Agnes expressed discontent over being offered $500,000 “for a child with so much potential…a child with a promising future.

“I have to fight the civil case with my lawyer and I will. I have to do it with a passion so they can hear me. It is so devastating,” she continued.

She said almost eight years on no one in her family has come to grips with the tragedy. Not her two other daughters Alana and Rosanna, not her and not her husband Jerrick.

“There is no excitement. Everybody just living because we have life in our body and we have to,” Agnes lamented.

“Our family is not as happy as before on this day. We can never be the same, especially at Christmas time.

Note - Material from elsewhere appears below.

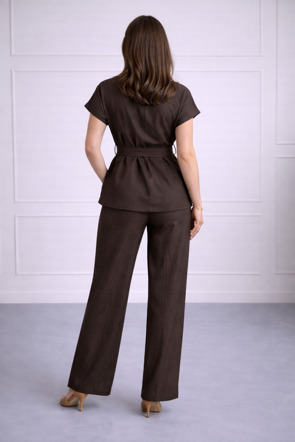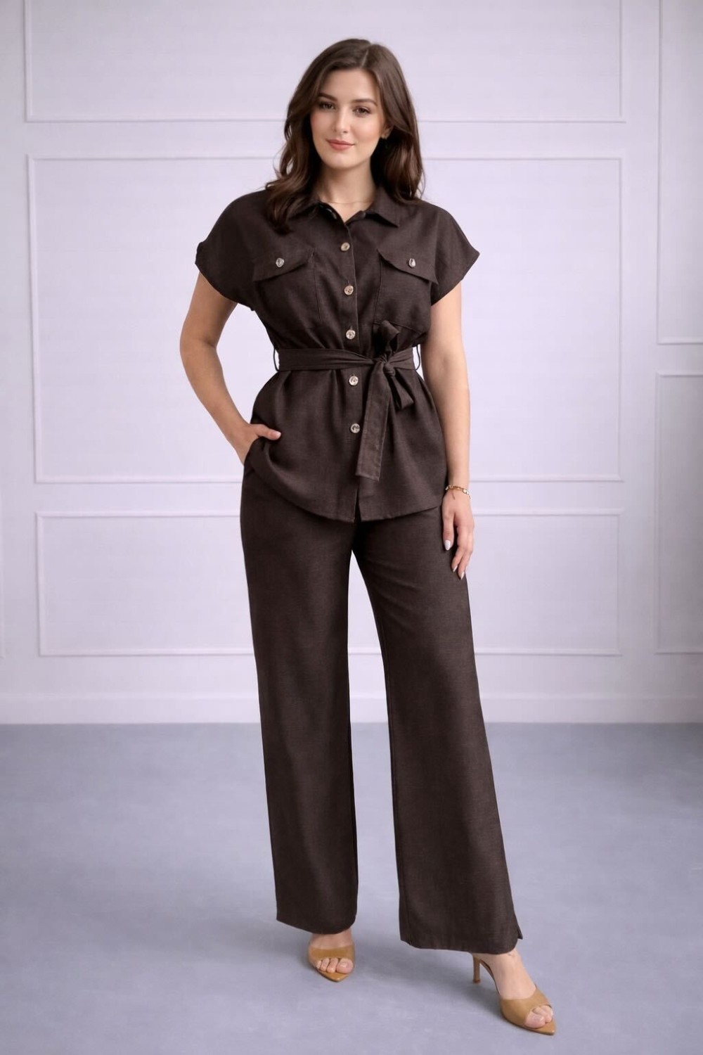 Elegantni bež komplet izrađen od laganog materijala s prirodnim izgledom. Gornji dio bez rukava s četvrtastim izrezom i dekorativnim zlatnim gumbima daje sofisticiran izgled, dok široke hlač..

Just days before the incident, she wrote her Christmas list with all that she wanted. I kept it along with other little tokens of her in my bag, but all got stolen when thieves broke in at the Camp Street Kissoon’s branch where I was working at the time. I was so hurt. I used to keep them to remind me of her,” Agnes said.

She reminisced at the fond memories of her daughter’s brief stay on earth before her life was jolted to a sudden halt on that fatal day.

“When I checked behind her door that day, I saw things she [had] planned to do for [the] next year. She had like a calendar. January 5—Spanish class, and so on. That was the foundation she set. Tell me where she would be today?” she said.

The woman explained that she found it very disheartening to know “that I put all my effort to get my children to be better than me and that drunk driver came and messed with the plan. I am just an ordinary clerk. I wanted all my children to do better.”

She described Trishanna as “always enthused.” The young girl, she said, had “a crush on religion, and a crush on her community. She was always dancing and actively involved in the community. She used to dance at the temple and take part in lots of activities. She was such a loving child.”

The grieving woman told Stabroek News that now all she has are blown-up pictures of Trishanna around her home.

Agnes, now a member of the Mothers in Black Organisation, hopes to have her daughter’s story engage the attention of all drivers and the public at large, to send a message of the need to exercise care and caution on the roadways, which she said can ever be stressed enough.

She said it is her goal to aid in putting an end to the heedless road carnage and bring justice to the families of the victims.

In addition, she said, she plans to open a trust fund for traffic accident victims and she has her daughter’s memories to thank for inspiring her to make such an instrumental step.

In observation of what would have been Debidayal’s 21st birthday today, Agnes told Stabroek News that a day of prayers would be held among family and friends.